EAT: being prone to infection is not a disability
An employee with a condition of the immune system that makes them prone to infections, but which is controlled by medication, is not “disabled”, the Employment Appeal Tribunal (EAT) has held.
In Sussex Partnership NHS Foundation Trust v Norris [2012] UKEAT 0031/12/3010, the EAT set aside the employment tribunal’s finding that the claimant was a disabled person within the meaning of s 6(2) of the Equality Act 2010.
Mrs Justice Slade held there was insufficient evidence to show the condition, Selective IgA Deficiency, caused substantial adverse effects. While the employee had suffered a three-and-a-half-month period of sickness in 2007, there was insufficient evidence that this would recur.

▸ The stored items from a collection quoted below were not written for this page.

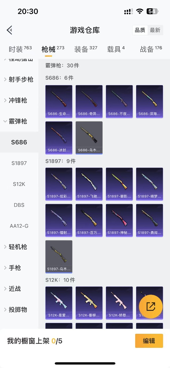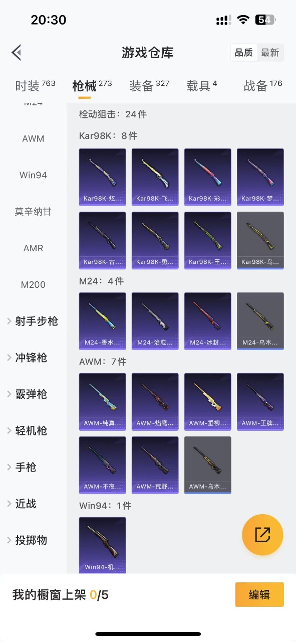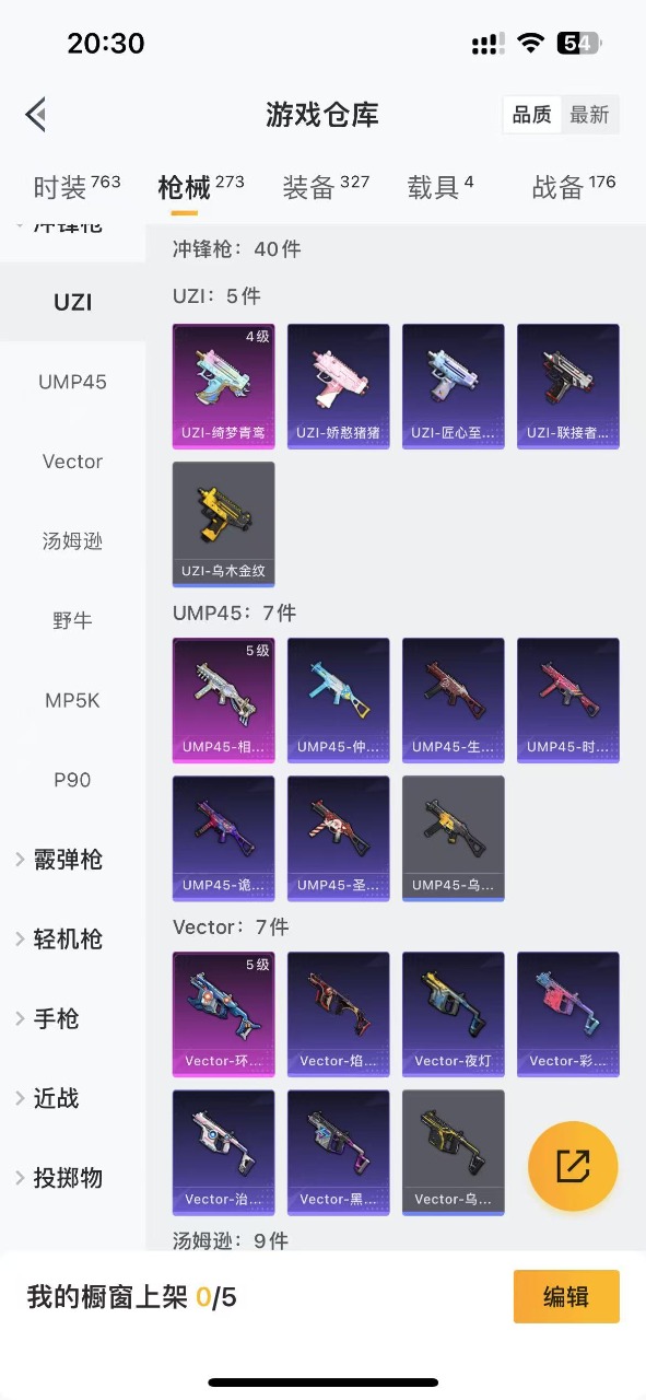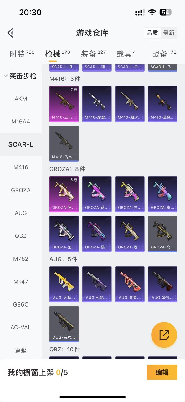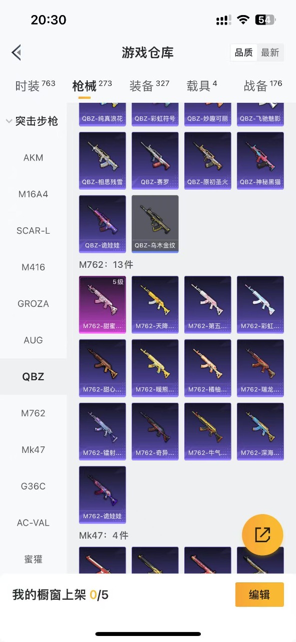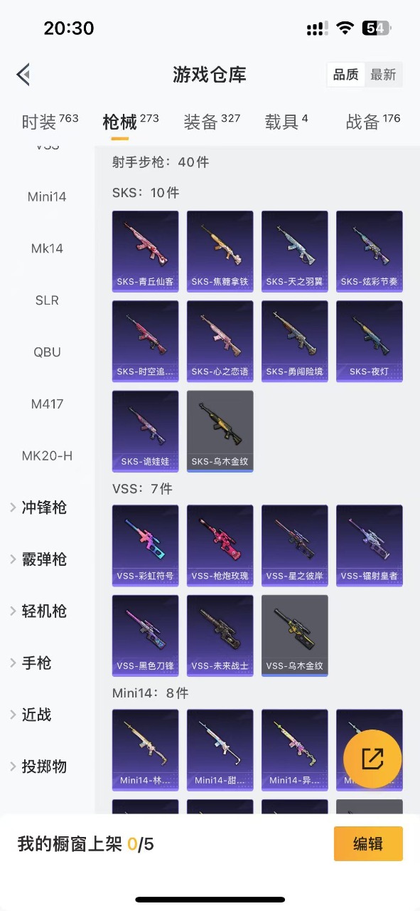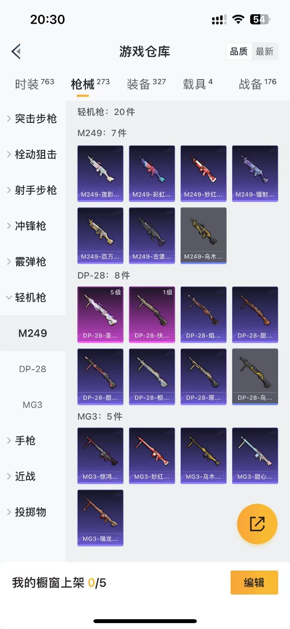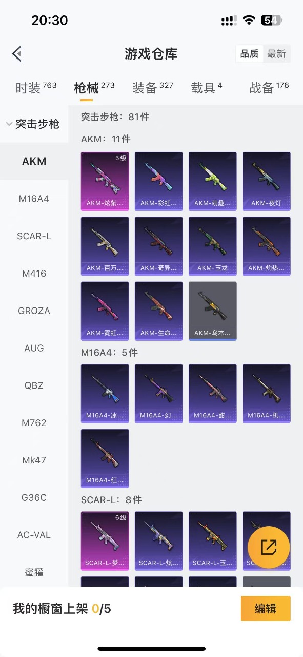AKM-炫紫旋律,SCAR-L-梦幻火箭,M416-五爪金龙,GROZA-焦糖拿铁,M762-甜蜜誓约,UZI-绮梦青鸾,UMP45-相思残雪,Vector-环太平洋,DP-28-圣堂之誓,DP-28-扶摇飞仙
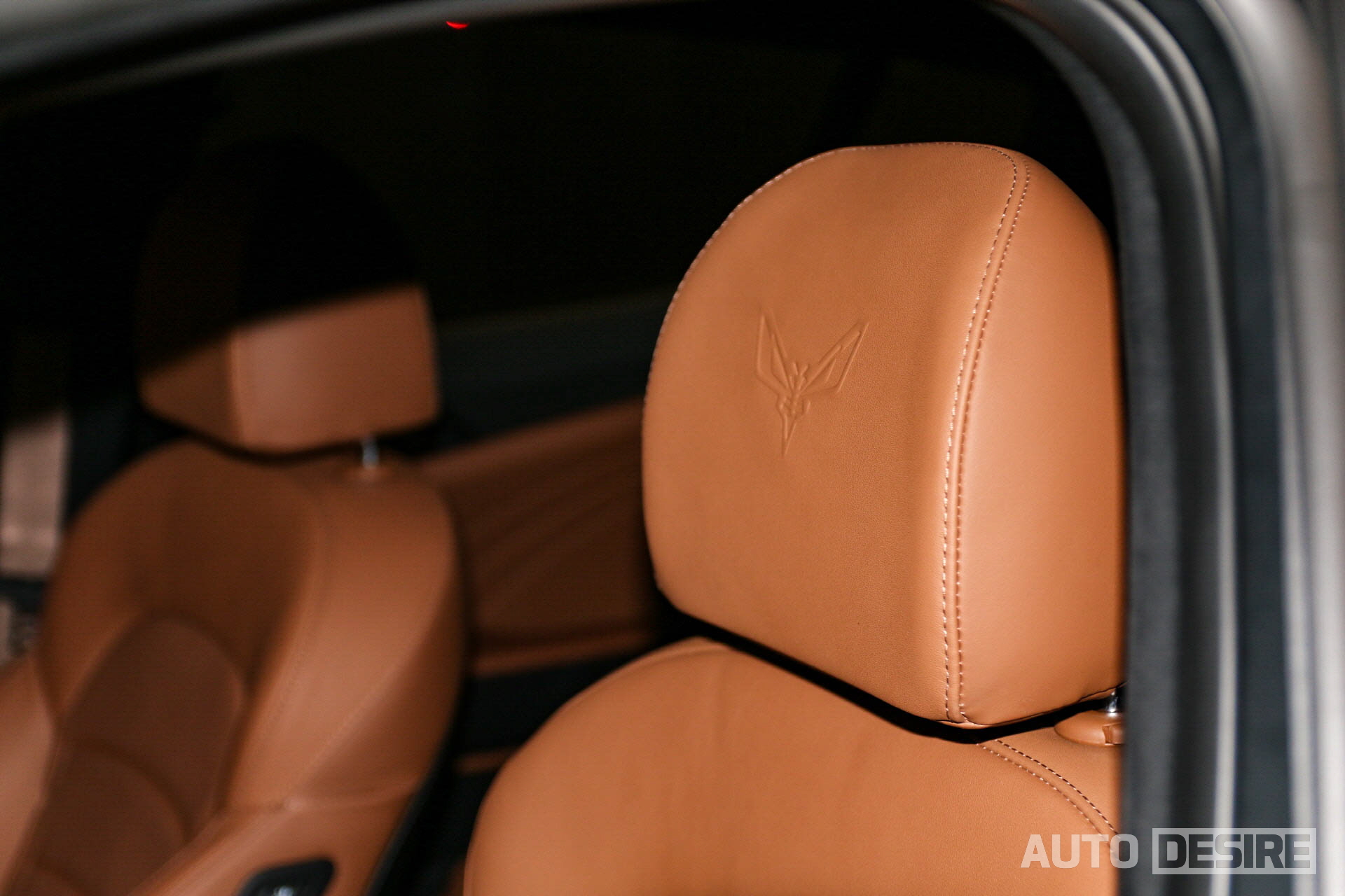 실내에서는 트리뷰트 에디션 적용으로 신규 내장 색상인 '테라코타 브라운 인테리어'를 적용, 시트와 도어 트림 마감부가 브라운으로 바뀌면서 고급스러운 느낌을 주고, 차량명(스팅어 - 쏘는 놈..?)에서 착안한 말벌 모양 엠블럼을 추가한 것이 특징이다. 말벌 엠블럼이라길래 어떤 형태로 구현했을까 궁금했는데, 각이 잡혀있는 강인한 느낌이라 스팅어의 이미지에도 잘 어울리는 것 같다.
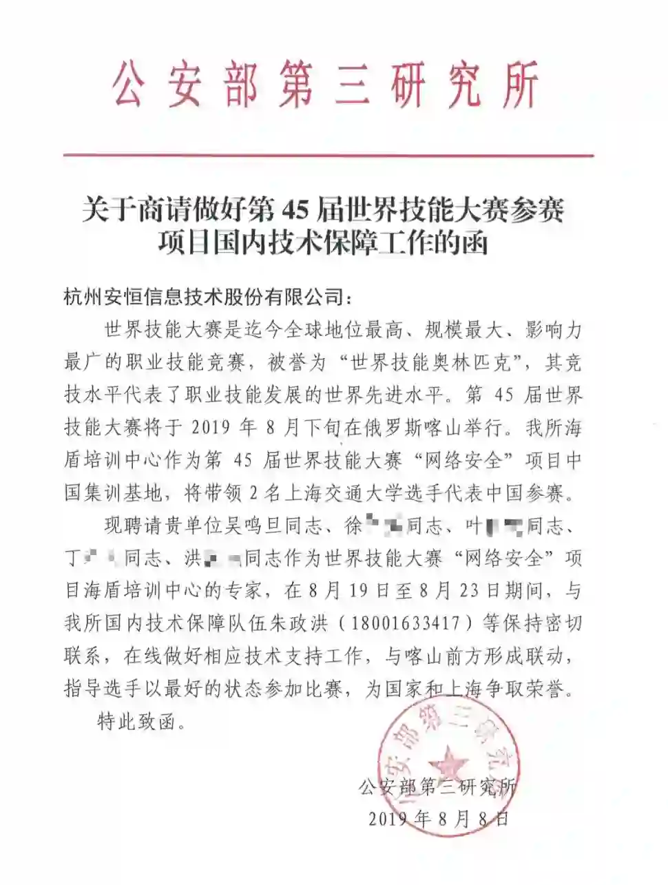 安恒信息网络空间安全学院副院长吴鸣旦等受邀出任世界技能大赛“网络安全”项目集训主基地公安部第三研究所下属上海海盾安全技术培训中心聘请的技术专家。
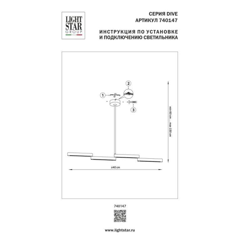 Артикул 740147 отвечает всем современным требованиям и стандартам качества, продукция сертифицирована. ✔ Гарантия от производителя. Цена люстры Lightstar Dive 740147 до 37 999 ₽(в магазине «Иллюзия Света» регулярно проходят скидки и акции, следите за обновлениями). Сведения о технических характеристиках, габаритах, внешнем виде и комплектации носят справочный характер, при возникновении вопросов обращайтесь к нашим менеджерам по телефонам ☎ +7(495)489-84-89 ☎ +7(800)707-70-34 или отправьте нам сообщение онлайн с помощью чата в углу экрана.
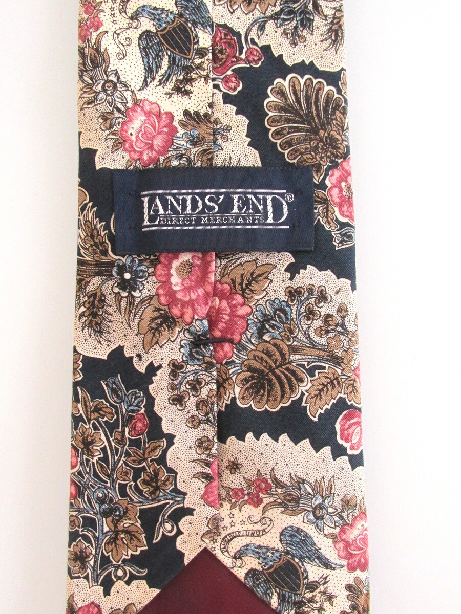 Description: Up for sale is a Lands' End men's cotton floral tie. This tie is handmade in the USA of 100% cotton. The tie has a multicolored floral pattern in pink, ivory, blue and tan on a dark navy blue background. Dimensions are approximately 56" long x 3.50" wide. This tie is in like new condition.
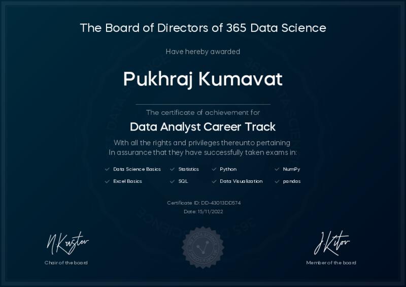 This user has been awarded the Data Analyst Career Track Certificate for successfully completing all courses and assessments. This certificate confirms their technical expertise and professional credibility to work as a data analyst.
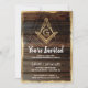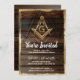 Dourados convites para mansões de madeira rústica que seriam perfeitos para a instalação anual de oficiais ou outra festa especial de festas de festas! Esses cartões masônicos personalizados são projetados em um modelo que é fácil de personalizar com suas próprias informações, tanto na frente quanto no verso. A ilustração retrata uma textura rústica de madeira com um quadrado queimado de madeira e símbolo de bússola de freemasonry e uma borda de ouro rancada. Categoria: modelos de convite masônicos; ideias de festas masônicas; e cartões masônicos personalizados. Cores: madeira castanha escura, dourada escura e branca.
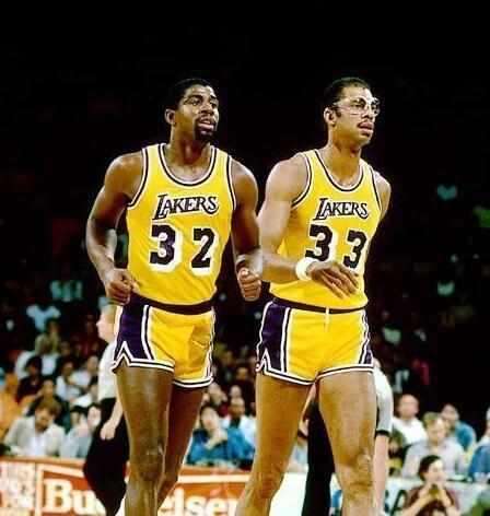 “魔術(shù)師”埃爾文·約翰遜和“天勾”賈巴爾組合,上世紀(jì)80年代湖人統(tǒng)治了NBA長達(dá)10年,在這漫長的時(shí)間里球隊(duì)8次闖進(jìn)總決賽,5次獲得總冠軍,可以說那個(gè)時(shí)期的湖人是其他球隊(duì)無法忽視的存在, 約翰遜是NBA史上最出色的控衛(wèi),賈巴爾則是史上最出色的中鋒之一,二人組在那個(gè)時(shí)期極具統(tǒng)治力,直到1990年對陣公牛,湖人依舊是聯(lián)盟中出色的球隊(duì),不過那個(gè)時(shí)期的湖人巔峰時(shí)期已經(jīng)過了,80年代的湖人可能是最能與公牛王朝時(shí)期的喬丹和皮蓬抗衡的球隊(duì)。
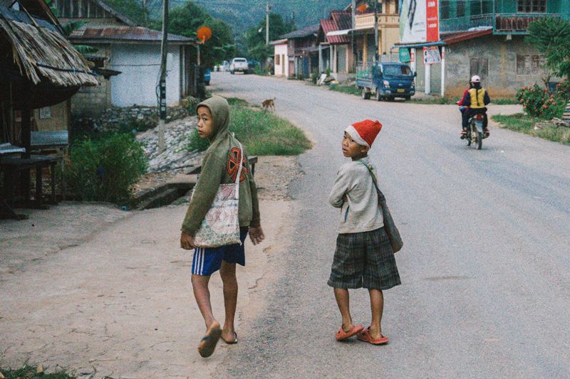 เราได้รถตู้รอบ 14.00 น. เดินทางไปยังหลวงพระบางซึ่งเป็นรถตู้แบบ open air บอกตรงๆว่าชอบมากกว่ารถตู้แอร์เสียอีก... อากาศเย็นสบายมาก ระหว่างทางมีหมู่บ้านข้างทางเป็นระยะ เรามองออกไปรอบๆพบเด็กๆ ตัวกระจ้อนกำลังเล่นกัน ในขณะที่เพื่อนเราหยิบกล้องถ่ายรูปขึ้นมาเก็บภาพบรรยากาศนั้นไว้ เด็กผู้หญิงคนหนึ่งเห็นกล้องจึงไปเรียกเพื่อนให้มาดู เด็กคนนึงทำท่าอะไรไม่รู้แต่ดูแล้วน่ารักพอตัวก่อนจะวิ่งหลบหนีไป เด็กพวกนี้ดูไม่ปรุงแต่ง ไร้เดียงสาดี มองมาที่ตัวเราแล้วปรุงแต่งอะไรมาบ้างนะ?
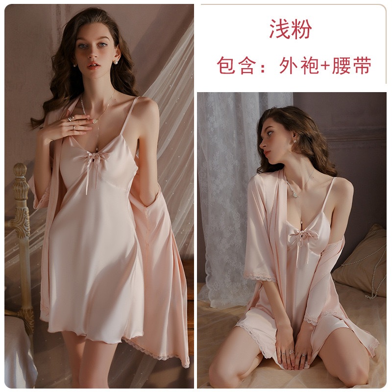 6色滑々リボンセクシーランジェリードレス+ローブセット吸引力アップ女性パジャマ寝服誘惑に満ちワンピース
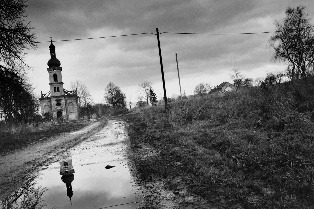 Kostel sv. Michaela v prosinci 1993. Kostel byl stržen až v roce 2002.
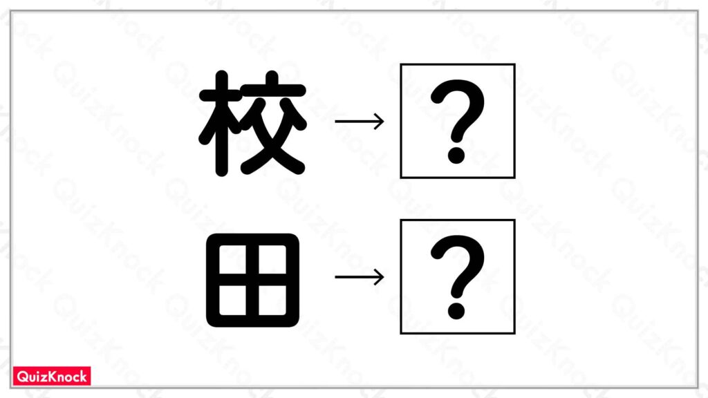 設問画像のほか、「校〇」や「田〇」などの熟語に使われる字です。
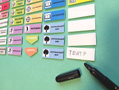Постепенно яркие подсказки заменяются рукописным текстом (ребенок использует пустые карточки (инструмент для письма в комплект не входит)). Элементы легко переставляются. Несменяемый стандартный шаблон способствует запоминанию действий, подготавливает к чтению любого классического листа расписания.
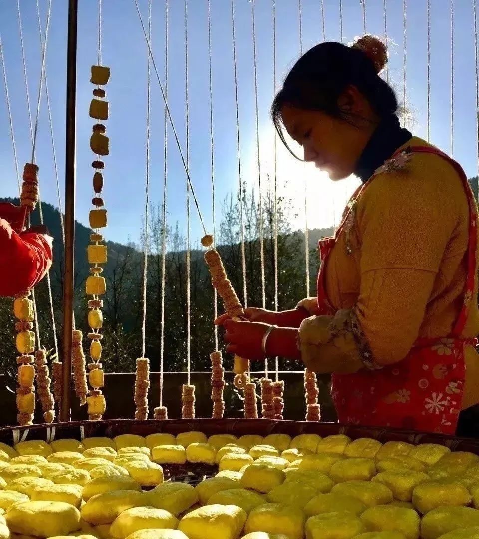 染色好的豆腐,还要一个个悬挂起来晾晒。
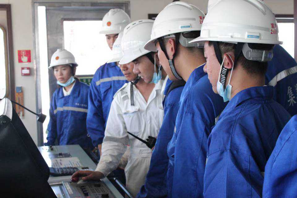 實踐隊隊員登上“凱富”輪,通過船長、輪機長等資深船員的現(xiàn)場教學,近距離了解機艙、駕駛臺、原油裝卸操作臺等區(qū)域的操作和工作原理;參觀船員房間、餐廳等生活區(qū),體驗船員工作環(huán)境。
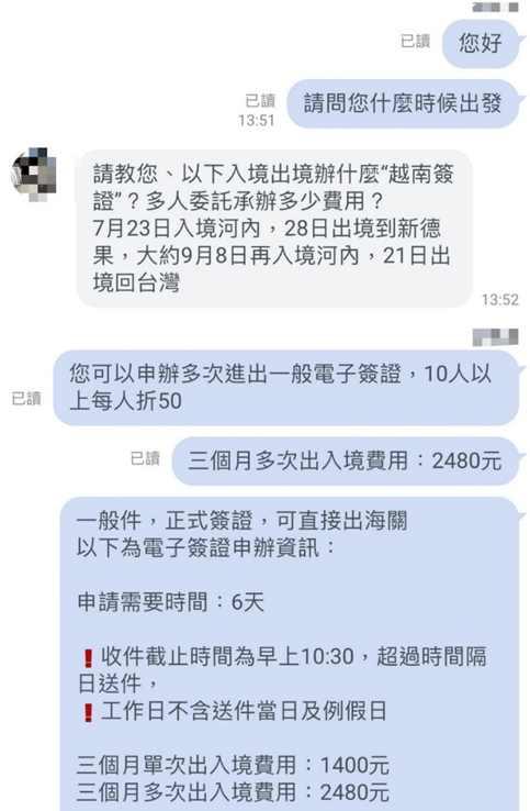 客人:請教您,以下入境出境辦什麼“越南簽證”?多人委託承辦多少費用?
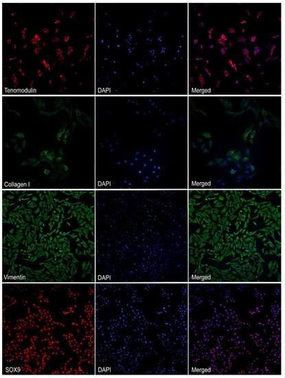 Fluorescent images of tenocytes immunolabeled with tenomodulin (red) (200× magnification), collagen 1 (green) (400× magnification), vimentin (green) (200× magnification), and SOX9 (red) (200× magnification). Nuclear counterstaining was performed with DAPI (blue).
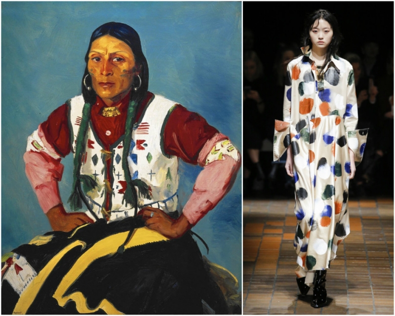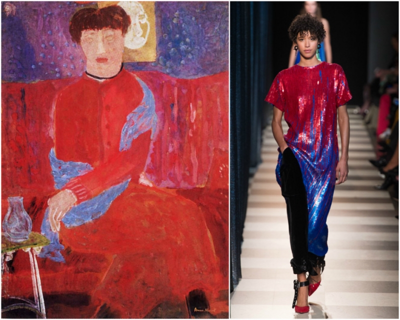 «Сон». Анри Матисс. Образ из коллекции Manish Arora. «Портрет По Тсе». Роберт Генри. Образ из коллекции Marques'Almeida. «Женщина в красном платье». Маргит Анна. Образ из коллекции Monse.

Slade J said: “The statute requires a causal link between the impairment and a substantial and long-term adverse effect on the ability to carry out day-to-day activities...If on the evidence the impairment causes the substantial adverse effect on ability to carry out day-to-day activities, it is not material that there is an intermediate step between the impairment and its effect provided there is a causal link between the two.”
However, she found that the evidence relied on by the tribunal “does not adequately support a conclusion that increased frequency of infections would result in a substantial adverse effect on the claimant’s ability to carry out day-to-day activities”.